Анна согласилась, лишь попросила немного времени, чтобы отдать распоряжения прислуге. Ей не хотелось надолго покидать Эйджи, она планировала провести с сыном остаток дня. Однако пришлось самой последовать принципу «назвался груздем – полезай в кузов».
Горг завез рецепты в клуб. Там их хищно перехватила Дафна. Жена доктора всячески пыталась приобщиться к инициативе Анны, мгновенно ставшей популярной среди дам мистресс-сообщества. Аня сочувствовала Дэклер, уже поняв, как нелегко противостоять Тилле.
— Далеко ехать? — осторожно спросила она младшего Эклада, когда они выехали на серпантин вдоль моря.
— Не очень, — откликнулся тот. — До войны центр города был почти на перешейке, там, где сейчас рыбацкий поселок. Потом Лонто-хейм получил статус курортного города и начал расти вдоль пляжей, а старые дома переделали под небольшие местные фабрики и цеха.
Молодой человек сидел за рулем, ссутулясь, и Ане показалось, что он не очень комфортно чувствует себя за рулем. Впрочем, все, что делал Горг, выдавало его болезненную неуверенность.
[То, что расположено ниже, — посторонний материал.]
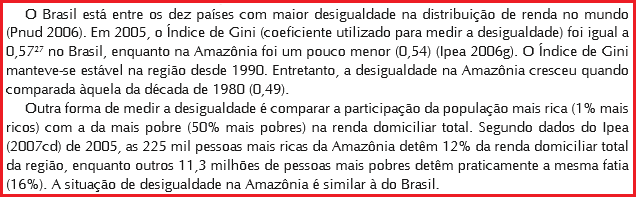 O IDH é usado para medir a qualidade de vida da população por meio da análise da renda, da longevidade e da educação. Cada variável do IDH (renda, longevidade e educação) é expressa por um índice que varia de zero (pior) até um (melhor). O IDH total é a média desses índices. Regiões com baixo índice de desenvolvimento humano apresentam IDH inferior a 0,500, enquanto as regiões com índice médio de desenvolvimento humano têm IDH entre 0,500 e 0,799. Por sua vez, as regiões com alto índice de desenvolvimento humano apresentam IDH acima de 0,800. Embora o IDH seja útil para entender a situação de uma região ou país, ele pode ocultar desigualdades severas e subestimar o bem-estar da população (que vai além desses indicadores). Em 2005, o Brasil ocupava a 63ª posição no ranking mundial do IDH (0,790), o qual reúne 177 países e territórios (Pnud 2005). Em 2006, a posição do Brasil caiu (69ª), mas seu IDH aumentou (0,792) (Pnud 2006). O IDH das nações é calculado e publicado pela ONU anualmente, enquanto o dos municípios e Estados brasileiros tem sido apresentados decenalmente. Nesta seção, apresentaremos a evolução do IDH na Amazônia.[36] LIGEIRO AUMENTO DO IDH NA AMAZÔNIA Na Amazônia também houve aumento no IDH: de 0,624, em 1991, para 0,705 em 2000. Apesar disso, o IDH da Amazônia em 2000 é ainda inferior à média brasileira daquele ano (0,766) e ao das outras regiões do país, com exceção do Nordeste (IDH 0,681). Em comparação com os países da Bacia Amazônia naquele ano, a Amazônia brasileira apresenta IDH superior apenas ao da Bolívia (0,648) e ao da Guiana (0,704) (Pnud 2001). Em 2000, o Mato Grosso teve o melhor IDH da Amazônia (0,773) –um pouco acima da média nacional– ocupando a nona colocação entre os 27 Estados do País. Por outro lado, a região abriga o pior IDH do Brasil: Maranhão (IDH 0,636). Além disso, outros Estados da região revelaram IDH baixos no ranking nacional: Amazonas com 0,713 (16ª), Tocantins com 0,710 (17ª) e Acre com 0,697 (21ª) (Figura 16). EDUCAÇÃO AUMENTA IDH O incremento do IDH total na Amazônia deve-se principalmente ao aumento acentuado do IDH educação na região (Tabela 8). Essa variável aumentou de 0,671, em 1991, para 0,802 em 2000, contribuindo com 54% de aumento do IDH da região. Os Estados do Amapá, Mato Grosso e Roraima destacam-se por possuírem IDH educação superior à média nacional (0,849). O Maranhão e o Acre possuem os piores IDHs educação da região; 0,738 e 0,757, respectivamente. O aumento do IDH educação é um reflexo da diminuição do número de analfabetos e aumento da freqüência escolar na região. Embora o acesso da população à educação tenha aumentado na região, a qualidade do ensino é ainda inferior a das outras regiões do País e as zonas rurais são desfavorecidas (Celentano & Veríssimo 2007). Figura 16. IDH em 2000 nos Estados da Amazônia (Pnud 2003). Tabela 8. IDH educação, longevidade e renda em 2000 na Amazônia (Pnud 2003). Por sua vez, o aumento do IDH longevidade (de 0,614 para 0,685) foi responsável por 29% do crescimento do IDH total. Esse aumento foi resultado do crescimento da expectativa de vida média da população na Amazônia de 62 anos, em 1991, para 66 anos em 2000, enquanto no Brasil esse valor subiu de 65 anos para 69 anos. Em 2000, o Mato Grosso possuía a maior expectativa de vida da Amazônia (70 anos), enquanto o Maranhão tinha a pior da região e do Brasil (apenas 62 anos). O IDH longevidade é uma função da expectativa de vida da população que, por sua vez, reflete as condições de saúde da população e o acesso a serviços de saúde. Finalmente, o IDH renda contribuiu para o aumento do IDH total com apenas com 17% e obteve um crescimento modesto: subiu de 0,587 para 0,627 entre 1991 e 2000. Em 2000, o IDH renda no Brasil era 0,723. O Mato Grosso era o Estado com maior IDH renda (0,718), enquanto o Maranhão era o pior (0,558). Amazonas e Roraima apresentaram queda do IDH renda entre 1991 e 2000[37]. AUMENTO IDH NOS MUNICÍPIOS DA AMAZÔNIA A grande maioria (97%) dos municípios foi classificada com médio desenvolvimento humano (IDH entre 0,5-0,8) em 2000, enquanto 2% dos municípios apresentaram IDH alto (> 0,8) e apenas 1% tinha IDH baixo (< 0,5) (Figura 17). Em 1991, a situação era pior: com 22% dos municípios classificados com baixo desenvolvimento humano. Os oito municípios com baixo desenvolvimento humano em 2000 estavam no Acre (Jordão), Amazonas (Ipixuna e Tapauá) e Maranhão (Centro do Guilherme, Lagoa Grande do Maranhão, Governador Newton Bello, Matões do Norte e Fernando Falcão). Os municípios com alto desenvolvimento humano eram as capitais Belém (Pará), Palmas (Tocantins) e Cuiabá (Mato Grosso) e outros 11 municípios do Mato Grosso (Tabela 9). Figura 17. IDH nos municípios no ano 2000 na Amazônia (Pnud 2003). Quadro 8. Populações tradicionais e IDH. IMPORTAÇÃO DE IDH O fenômeno de importação de IDH (transferência de IDH de Estados via migração populacional) é muito provável na Amazônia, uma vez que a região é um dos principais destinos dos fluxos migratórios do país. Migrantes de regiões mais desenvolvidas do Brasil (Sul e Sudeste) podem chegar com níveis educacionais mais avançados e com melhores condições de saúde[38]. Além disso, há possibilidade de contarem com renda e capital para investimentos. Todos esses fatores influenciam o cálculo e o resultado do IDH municipal de acordo com o método do Pnud. Os municípios com os maiores IDHs da Amazônia apresentam considerável porcentagem de migrantes, com exceção de Belém (Tabela 9). A população de Sorriso, município do Mato Grosso com o maior IDH da região, é formada por 72% de migrantes (principalmente do Sul e Sudeste do País). A mesma tendência é observada em outros municípios do Mato Grosso. Tabela 9. Origem da população nos municípios com IDH alto na Amazônia (Pnud 20

Лишь его речь, несмотря на запинки, отличалась грамотностью и емкостью.
— Что вам известно о старой типографии?
— Мальчишками мы любили проводить время в ее окрестностях. Рядом хорошие места для рыбалки, правда, после войны там часто находили мины. Мы продавали работникам пойманную рыбу и тратили монеты на сладости в кофейне Кракстоу.
«Странные воспоминания для ребенка из богатой семьи», — подумала Аня. Но Грог с горечью добавил:
— Фред всегда отбирал у меня карманные деньги. Но я ему даже благодарен, это было хорошей школой жизни.
Анне стало неловко, словно она заглянула в замочную скважину чужого дома. К счастью, машина свернула к берегу.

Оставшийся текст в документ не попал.